(Beginning of SOURCE DATA)
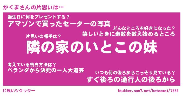 | 意味不明あだ名 | 『ペロリンかくま』『かくまフォーエバー』 |
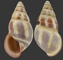 The shell is sinistral and rather solid, presenting an oblong-conic shape with oblique striations and a narrowly rimate base. The spire appears conic with a dark brown apex. Comprising seven convex whorls, the initial ones are dull white, while the fourth and lower ones exhibit a cream color with oblique bluish-gray stripes. These stripes become reddish-brown on the spire and are interrupted at the middle on the penultimate and preceding whorls by a submedian light spiral line, eventually fading at the suture. The last half-whorl is bluish-gray, featuring a cream-yellow band around the middle of the base and an umbilical area of the same tinge. A narrow infra-sutural line of a reddish-brown color is present on the body whorl and penultimate whorl. The aperture is small, oblique, and expanded, with a greyish interior. The columella appears thick and reflected, showing a paler hue at the upper part. The outer lip is thickened and dark-brown externally, with a purple interior, particularly pronounced near the umbilicus.[2]
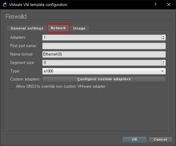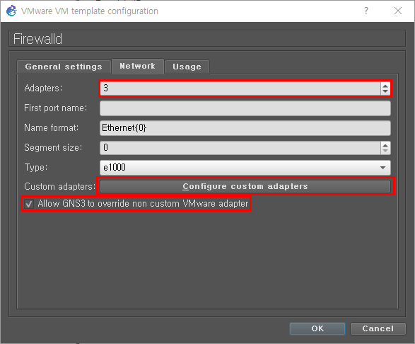 Adapters를 3개로 늘린 후 아래의 Allow GNS3를 체크 하고 Configure custom adapters를 누릅니다.
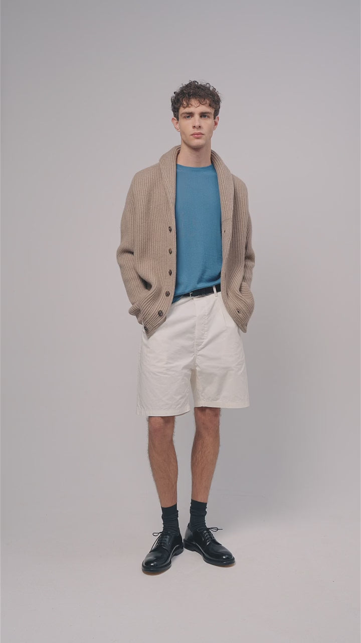 Wrap up in 8ply sumptuously soft cashmere, handcrafted with a double-layer shawl collar, saddle shoulders, and horn buttons. Take a cue from the iconic Steve McQueen: style yours over a denim shirt and chinos, and turn the collar up over a turtleneck for an extra cosy fit.
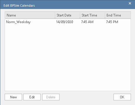 button on the toolbar; the 'Edit BPSim Calendars' dialog displays, showing any existing calendars.
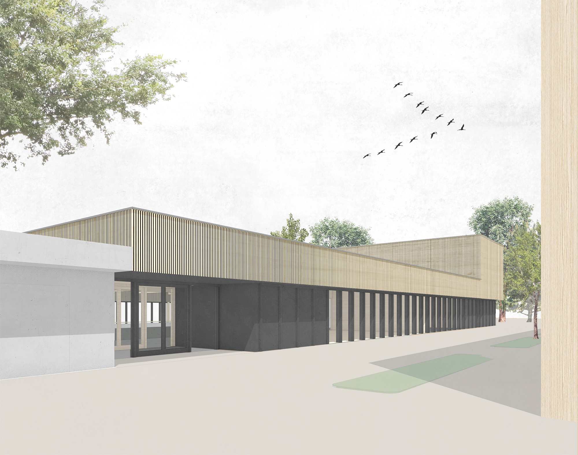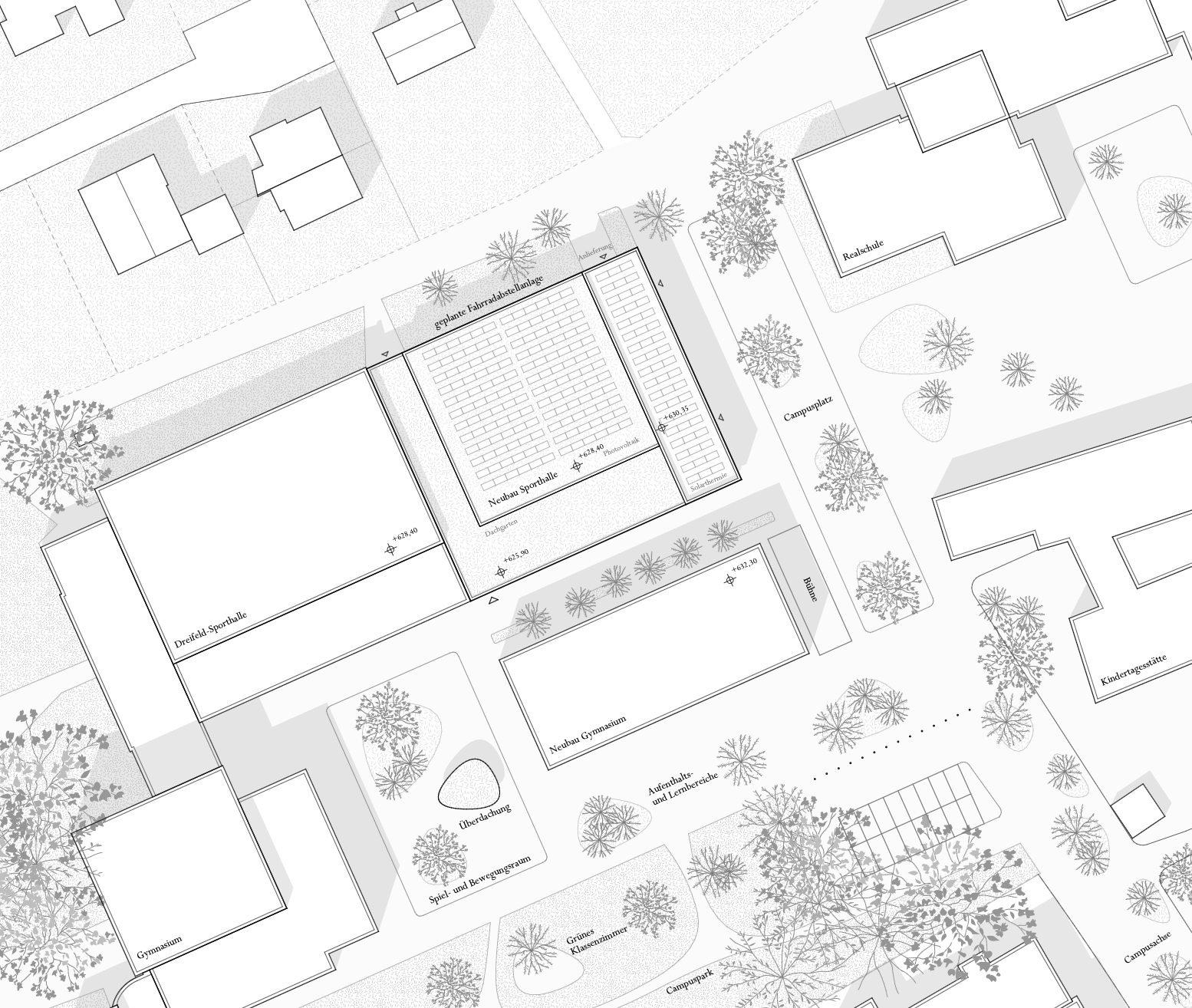 Die neue 2-Feld Sporthalle am Bildungszentrum Döchtbühl erweitert die bestehende Dreifeldhalle und entwickelt deren bauliche Logik weiter. Neben der Sporthalle beherbergt der Neubau eine Jugendmusikschule sowie ein Stadtarchiv. Diese sind in einem zweigeschossigen Riegel zum Campusplatz hin untergebracht, der einen städtebaulich markanten neuen Hochpunkt bildet.
(End of SOURCE DATA)
Your answer must be only the lines from the one that holds "Wrap up in 8ply" to the end of the listing, each restated word for word, with both ends kept and pictures left out.

 Wrap up in 8ply sumptuously soft cashmere, handcrafted with a double-layer shawl collar, saddle shoulders, and horn buttons. Take a cue from the iconic Steve McQueen: style yours over a denim shirt and chinos, and turn the collar up over a turtleneck for an extra cosy fit.
 button on the toolbar; the 'Edit BPSim Calendars' dialog displays, showing any existing calendars.
 Die neue 2-Feld Sporthalle am Bildungszentrum Döchtbühl erweitert die bestehende Dreifeldhalle und entwickelt deren bauliche Logik weiter. Neben der Sporthalle beherbergt der Neubau eine Jugendmusikschule sowie ein Stadtarchiv. Diese sind in einem zweigeschossigen Riegel zum Campusplatz hin untergebracht, der einen städtebaulich markanten neuen Hochpunkt bildet.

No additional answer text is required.